Donna Jean Godchaux’s Long, Strange Trip
Donna Jean Godchaux knows what you’re thinking, especially if you’re a Deadhead: that her voice wasn’t always spot-on when she was a member of the Grateful Dead in the Seventies. “I can’t defend myself very much,” says Godchaux, who sang on hits by Elvis Presley and Neil Diamond before she joined Garcia and Co. “I was a studio singer, never singing off-key. I was used to having headphones and being in a controlled environment.
“Then, all of a sudden, I went to being onstage with the Dead in Winterland,” she continues. “Everything was so loud onstage. And not to mention being inebriated. I can’t defend myself very much, but I can’t blame it all on that.” Godchaux lets out a laugh. “I’ve seen on Facebook people say, ‘Well, they didn’t always sing so great themselves!'”
Thirty-five years after she and her late husband, pianist Keith Godchaux, left the Dead, Godchaux can hoot about some of those experiences. In the years since she left the band, Godchaux has taken her own long, strange trip: She coped with the death of her husband, left the music business for over a decade, and eventually returned to Alabama, where she was born and raised.

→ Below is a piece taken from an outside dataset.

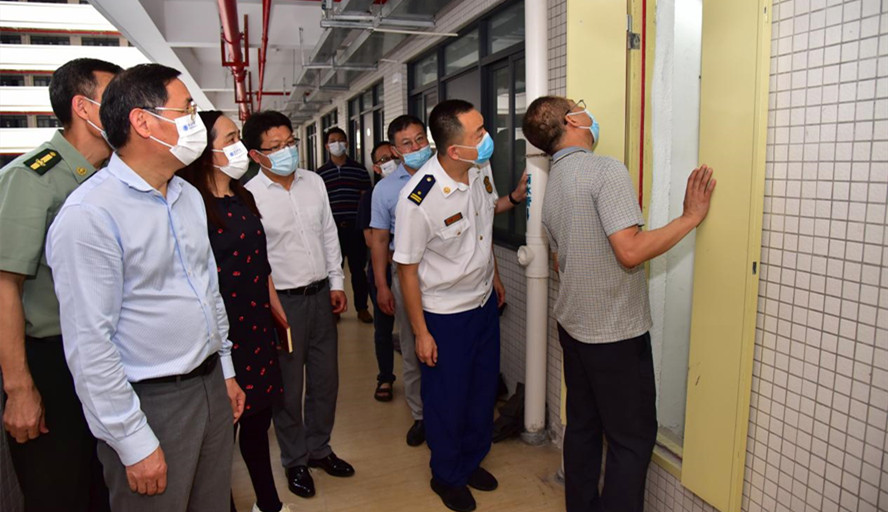 本网讯 5月19日,广东省校园安全专项检查组在省消防救援总队高级指挥长彭朝阳的带领下,到外围平台开展校园安全管理专项检查工作。校长吴业春、副校长李新昌陪同。

Godchaux’s new album, Back Around — the third she’s released under her own name since re-engaging with rock and soul in the Nineties — is what Godchaux calls “my journey.” Cut in Alabama, the record pays homage to the Southern soul she first sang (in originals like “Don’t Ask Me Why” and a cover of Wilson Pickett’s “Don’t Fight It”), covers of Sixties classics (the Stones’ “19th Nervous Breakdown,” the Beatles’ “She Said She Said,” the Youngbloods’ “Darkness, Darkness”), even a nod to her former job with a cover of the Dead’s “Crazy Fingers.” “If people think the Grateful Dead were a simple country band or whatever they think, try playing that song, you know?” she says. “It has an unusual chord structure. But I always loved the simplicity with which Garcia sang that song. He didn’t try to put a bunch of different licks in it, vocally. He just sang the melody. He didn’t need to do anything else. So It takes me back to him, hearing him sing that. I tried to stay true to that.”

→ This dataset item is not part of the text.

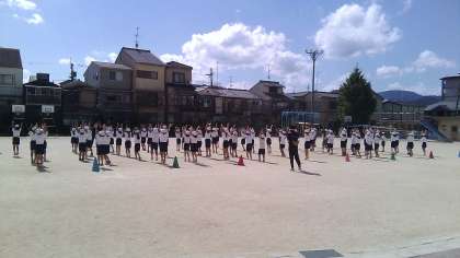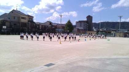 今日,初めて運動場での練習だったので,どのように動けばよいか戸惑う場面もありましたが,子どもたちの表情はまさに「全集中」!

Before she met the Dead, then-Donna Thatcher was an in-demand background singer in Memphis and Muscle Shoals in the mid- to late Sixties. Although her name rarely appeared in album credits at the time, Godchaux’s voice can be heard on a slew of hits cut during that time: Percy Sledge’s “When a Man Loves a Woman,” R.B. Greaves’ “Take a Letter, Maria,” and Neil Diamond’s “Brother Love’s Travelling Salvation Show.” She also recorded with Joe Tex, Boz Scaggs, Dionne Warwick and Ben E. King, among others.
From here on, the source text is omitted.